All throughout the month, I’m happy that I’ve been able to keep up playing Bokunatsu 2 nearly every day. It’s been a gift, playing a game that lets me check in for a bit, do my rounds, and then stops. Unlike Animal Crossing, where you can keep running around all day tending to your town, the days in Bokunatsu 2 eventually come to an end. Characters don’t have anything else to say. There’s nothing left to do. I appreciate that.
So what’s happened so far?
(Spoilers ahead for events and storylines in the game. If you’d rather experience it for yourself, feel free to ignore this. But if you’re curious, feel free to read on!)

All in all, it’s been an eventful month for Boku. From my first entry, I wasn’t able to gleam much more about who he is outside of the player avatar. The sparse moments where a bit of personality pop through are more there to remind you that he’s a kid. He intrudes and pesters (not with any ill will, mind you) because that’s just what kids do when they’re stuck in environments with lots of adults. It’s a nice bit of authenticity, the innocence and naïveté, even when you think, “Well surely you could figure this one out, Boku!”
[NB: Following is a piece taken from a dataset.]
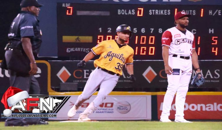 SAN FRANCISCO DE MACORÍS.- El novato Bladimir Restituyo pegó doble y sencillo, remolcó dos anotaciones y fue la punta ofensiva en el triunfo este jueves de las Águilas Cibaeñas, 4-1, sobre los Gigantes del Cibao, que fueron limitados a solo 5 hits por el pitcheo aguilucho.

But nope. He does his signature “pivot to the camera and head tilt” whenever there’s a major reveal. As if he’s unsure how to react and he’s looking to us for guidance. “Huh? What do you think she meant by that?” he seems to ask.

Now, I had already watched through nearly 2/3rds of Dia and Em’s playthrough of the game before starting it myself so I knew the Yoh x Yasuko, Ghost Wife, Estranged Mom, and Yoshika Undercover stories were coming. Those seem to be the major narrative beats in the game. And from what I can tell so far, the last one feels like the biggest of them all. In fact, it’s interesting to see the ways they breadcrumb it all the way through.
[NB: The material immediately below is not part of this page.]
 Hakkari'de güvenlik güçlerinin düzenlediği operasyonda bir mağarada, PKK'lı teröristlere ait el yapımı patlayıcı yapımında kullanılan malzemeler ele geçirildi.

When you first meet Yashiko, she’s a little unclear on who she is and where she comes from, even telling something contradictory to Simon. If you talk to him enough, you get a sense that he knows something is off with Yashiko. He sees it in her eyes and often playfully teases her in the evenings about it. She has the newspapers in her room with the robbery story, there’s talk about it during mealtime one day, and Yashiko often talks about waiting for something or someone to appear (cue Boku in his confused thinking pose). It’s nice to see so much narrative design space in the game being used purposefully, building up towards something instead of merely providing flavour.

I’m still unsure how this beat is going to end or what impact these events will have in Boku’s life. It’s definitely meant to be the most exciting, action-packed event to happen on this little island in a while.
(I was talking to @cooltimesonline about it and we’re just hoping he doesn’t end up becoming a cop at the end of the game. Like… please, Boku. My son. You could do so much better.)
My favourite beat so far though is Hikari and Yasuko’s mom, Shizue, visiting. She’s a really interesting character in her own right, as a parent who set out on a career to help other kids even when she recognizes the irony that she messed up with her own and can’t reconcile things. Everything else in this game feels like YA drama, but this is something that feels comparatively adult. How do you manage the pull you feel to return to a place that’s not totally welcoming, or one that stirs up bad memories in the process? What do you do when you recognize that you’re not cut out for raising kids? Will your kids ever be able to understand you or forgive you? Should they? Her departure from the island is quiet and bittersweet, and I wonder if there was anything else I could have done to help. Or maybe that’s something even a simple Boku can’t fix.
I’ll do one last wrap-up post at the end of the month. Regardless of what happens next, more than finding a lunchbox full of gold bars, beating Takeshi’s ultimate weapon, or giving a ghost a massage, it’ll be Shizue’s visit and conflict that will stay with me long after this game (and month) is over.